## About this task:
Pictures excluded, reproduce exactly the lines below from the one with "Hand-Set Swarovski Crystals!" through the one with "Figure 5 shows", both included.

## Provided records:
· · · ·

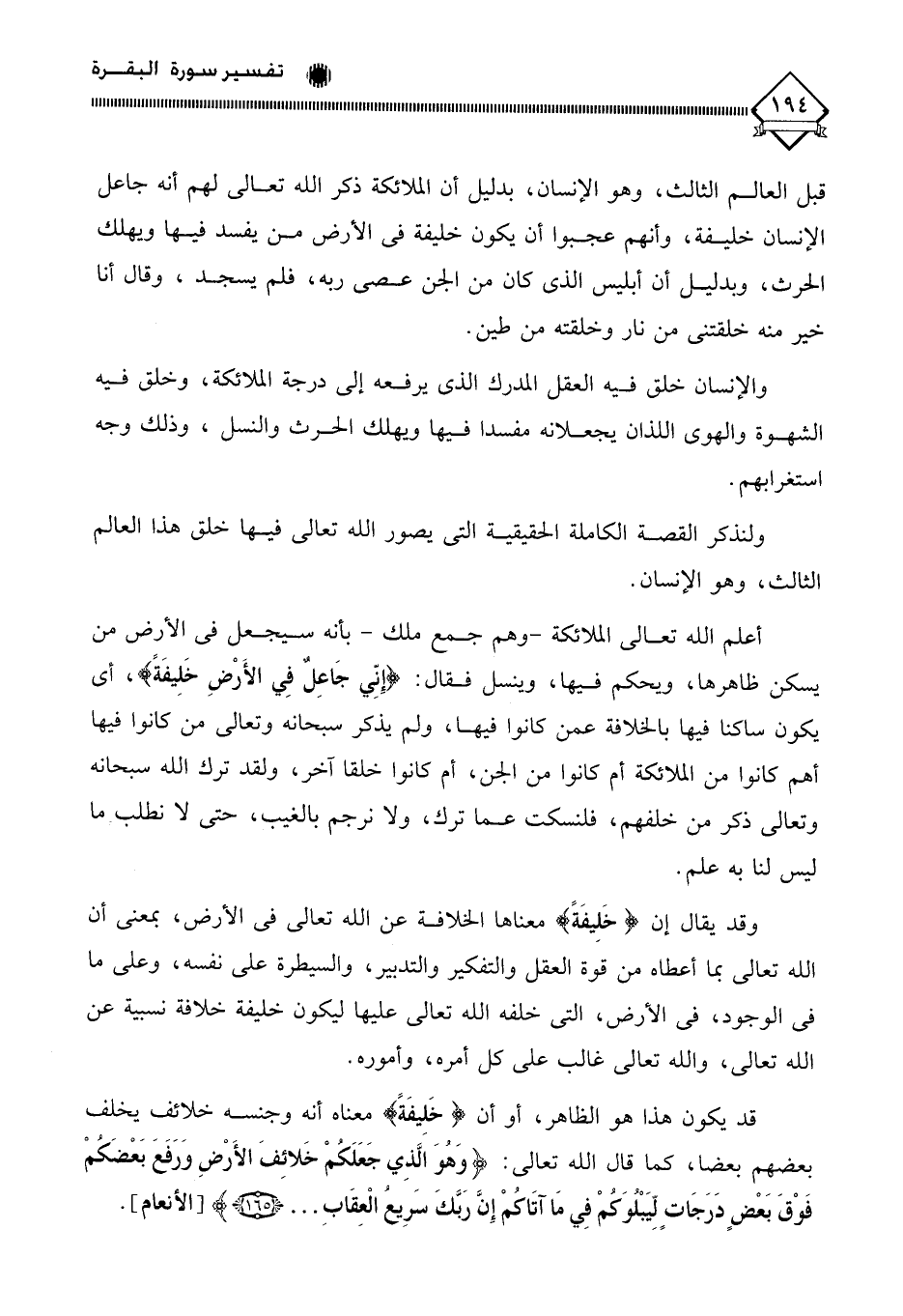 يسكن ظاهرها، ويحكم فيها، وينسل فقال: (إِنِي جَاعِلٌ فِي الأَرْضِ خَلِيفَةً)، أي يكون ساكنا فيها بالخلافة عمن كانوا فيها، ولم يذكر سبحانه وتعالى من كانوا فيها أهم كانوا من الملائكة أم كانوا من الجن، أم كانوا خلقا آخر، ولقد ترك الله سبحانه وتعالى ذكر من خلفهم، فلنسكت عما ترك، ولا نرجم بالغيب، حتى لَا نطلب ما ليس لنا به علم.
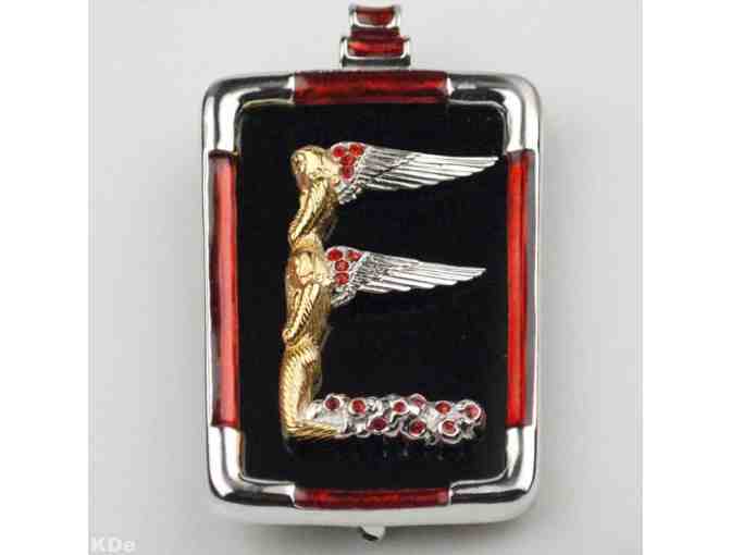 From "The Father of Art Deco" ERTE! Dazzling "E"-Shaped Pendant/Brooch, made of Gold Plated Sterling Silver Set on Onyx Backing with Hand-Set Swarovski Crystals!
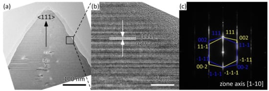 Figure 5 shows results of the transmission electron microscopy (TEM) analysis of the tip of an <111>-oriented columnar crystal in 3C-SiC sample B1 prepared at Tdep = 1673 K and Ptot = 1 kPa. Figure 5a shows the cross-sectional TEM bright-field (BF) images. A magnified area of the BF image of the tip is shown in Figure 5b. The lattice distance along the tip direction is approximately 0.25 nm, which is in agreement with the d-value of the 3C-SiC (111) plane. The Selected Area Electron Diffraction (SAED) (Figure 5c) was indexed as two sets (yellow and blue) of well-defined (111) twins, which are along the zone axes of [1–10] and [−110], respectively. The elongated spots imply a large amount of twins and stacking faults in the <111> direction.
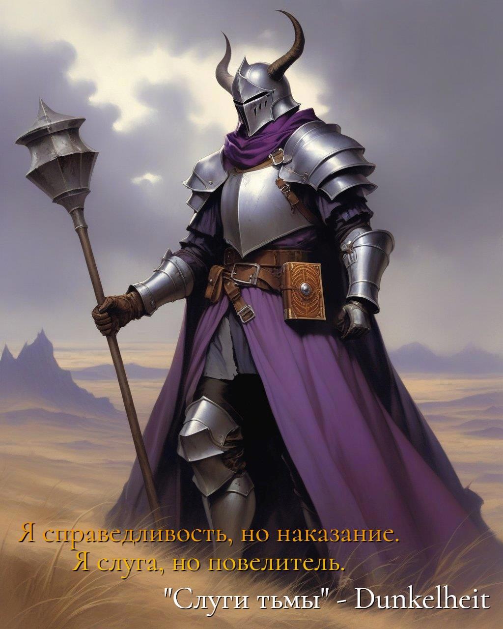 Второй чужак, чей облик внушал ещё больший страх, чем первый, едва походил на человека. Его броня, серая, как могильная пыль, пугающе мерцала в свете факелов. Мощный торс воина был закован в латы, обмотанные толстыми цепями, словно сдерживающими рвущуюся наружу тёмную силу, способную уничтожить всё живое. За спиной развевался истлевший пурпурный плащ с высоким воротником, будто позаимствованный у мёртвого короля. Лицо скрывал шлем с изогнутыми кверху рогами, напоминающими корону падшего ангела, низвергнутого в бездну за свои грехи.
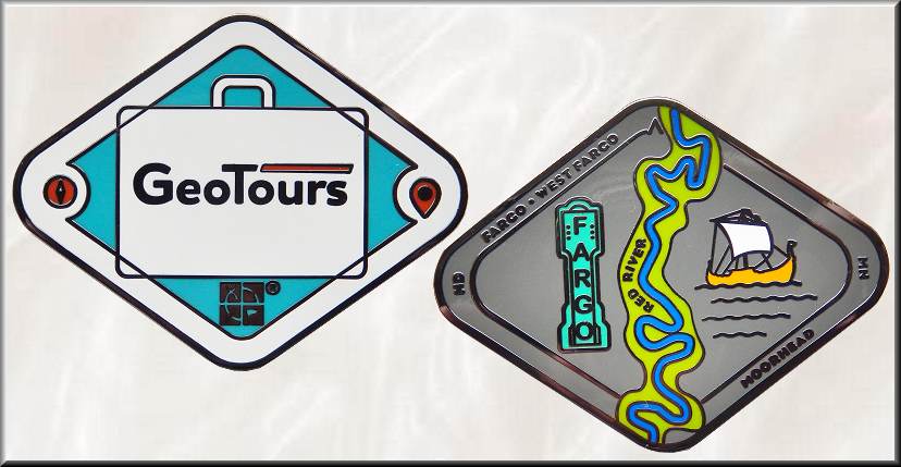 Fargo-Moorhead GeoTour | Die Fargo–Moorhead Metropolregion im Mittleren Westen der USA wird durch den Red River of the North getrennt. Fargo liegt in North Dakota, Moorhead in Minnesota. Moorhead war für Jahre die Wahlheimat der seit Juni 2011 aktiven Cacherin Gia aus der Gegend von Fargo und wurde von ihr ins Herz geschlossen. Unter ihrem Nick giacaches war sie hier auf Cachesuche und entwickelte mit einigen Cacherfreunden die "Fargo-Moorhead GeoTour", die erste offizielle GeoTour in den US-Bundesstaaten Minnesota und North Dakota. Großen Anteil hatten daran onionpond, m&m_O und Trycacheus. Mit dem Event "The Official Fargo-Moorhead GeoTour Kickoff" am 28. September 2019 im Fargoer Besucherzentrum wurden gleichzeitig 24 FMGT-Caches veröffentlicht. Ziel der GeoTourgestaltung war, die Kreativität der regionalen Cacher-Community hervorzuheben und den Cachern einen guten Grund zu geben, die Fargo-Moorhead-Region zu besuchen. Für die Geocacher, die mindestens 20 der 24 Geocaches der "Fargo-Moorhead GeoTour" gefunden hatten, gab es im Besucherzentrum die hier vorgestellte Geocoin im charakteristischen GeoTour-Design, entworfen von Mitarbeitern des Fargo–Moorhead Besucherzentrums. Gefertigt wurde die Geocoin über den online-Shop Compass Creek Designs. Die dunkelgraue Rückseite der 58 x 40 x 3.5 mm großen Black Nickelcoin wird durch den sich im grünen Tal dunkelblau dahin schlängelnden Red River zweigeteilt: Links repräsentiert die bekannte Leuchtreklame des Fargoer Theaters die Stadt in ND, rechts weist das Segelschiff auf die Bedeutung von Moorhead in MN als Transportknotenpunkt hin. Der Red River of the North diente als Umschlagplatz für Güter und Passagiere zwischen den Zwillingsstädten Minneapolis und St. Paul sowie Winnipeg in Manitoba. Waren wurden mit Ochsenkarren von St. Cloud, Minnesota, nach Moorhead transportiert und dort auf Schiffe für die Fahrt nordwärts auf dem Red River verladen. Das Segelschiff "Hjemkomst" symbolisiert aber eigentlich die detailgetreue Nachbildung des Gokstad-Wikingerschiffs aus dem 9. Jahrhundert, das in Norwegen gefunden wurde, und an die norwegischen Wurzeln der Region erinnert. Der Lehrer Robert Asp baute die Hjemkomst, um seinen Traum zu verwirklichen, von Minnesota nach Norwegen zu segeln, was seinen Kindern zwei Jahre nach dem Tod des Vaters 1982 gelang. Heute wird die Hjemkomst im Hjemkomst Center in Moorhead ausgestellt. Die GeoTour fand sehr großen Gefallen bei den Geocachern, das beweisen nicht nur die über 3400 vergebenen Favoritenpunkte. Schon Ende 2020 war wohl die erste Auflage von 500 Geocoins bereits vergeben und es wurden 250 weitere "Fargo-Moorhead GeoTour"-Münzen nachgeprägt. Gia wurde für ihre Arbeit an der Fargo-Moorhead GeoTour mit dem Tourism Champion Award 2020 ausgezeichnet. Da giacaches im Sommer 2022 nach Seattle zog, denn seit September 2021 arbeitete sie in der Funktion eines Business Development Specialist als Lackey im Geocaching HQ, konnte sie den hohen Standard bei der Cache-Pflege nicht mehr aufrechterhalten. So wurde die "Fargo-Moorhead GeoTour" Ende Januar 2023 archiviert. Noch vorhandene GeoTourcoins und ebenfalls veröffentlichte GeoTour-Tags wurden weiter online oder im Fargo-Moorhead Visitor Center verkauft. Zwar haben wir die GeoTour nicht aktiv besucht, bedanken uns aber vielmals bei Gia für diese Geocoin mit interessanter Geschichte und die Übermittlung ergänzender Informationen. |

· · · ·

## The completed task:
 From "The Father of Art Deco" ERTE! Dazzling "E"-Shaped Pendant/Brooch, made of Gold Plated Sterling Silver Set on Onyx Backing with Hand-Set Swarovski Crystals!
 Figure 5 shows results of the transmission electron microscopy (TEM) analysis of the tip of an <111>-oriented columnar crystal in 3C-SiC sample B1 prepared at Tdep = 1673 K and Ptot = 1 kPa. Figure 5a shows the cross-sectional TEM bright-field (BF) images. A magnified area of the BF image of the tip is shown in Figure 5b. The lattice distance along the tip direction is approximately 0.25 nm, which is in agreement with the d-value of the 3C-SiC (111) plane. The Selected Area Electron Diffraction (SAED) (Figure 5c) was indexed as two sets (yellow and blue) of well-defined (111) twins, which are along the zone axes of [1–10] and [−110], respectively. The elongated spots imply a large amount of twins and stacking faults in the <111> direction.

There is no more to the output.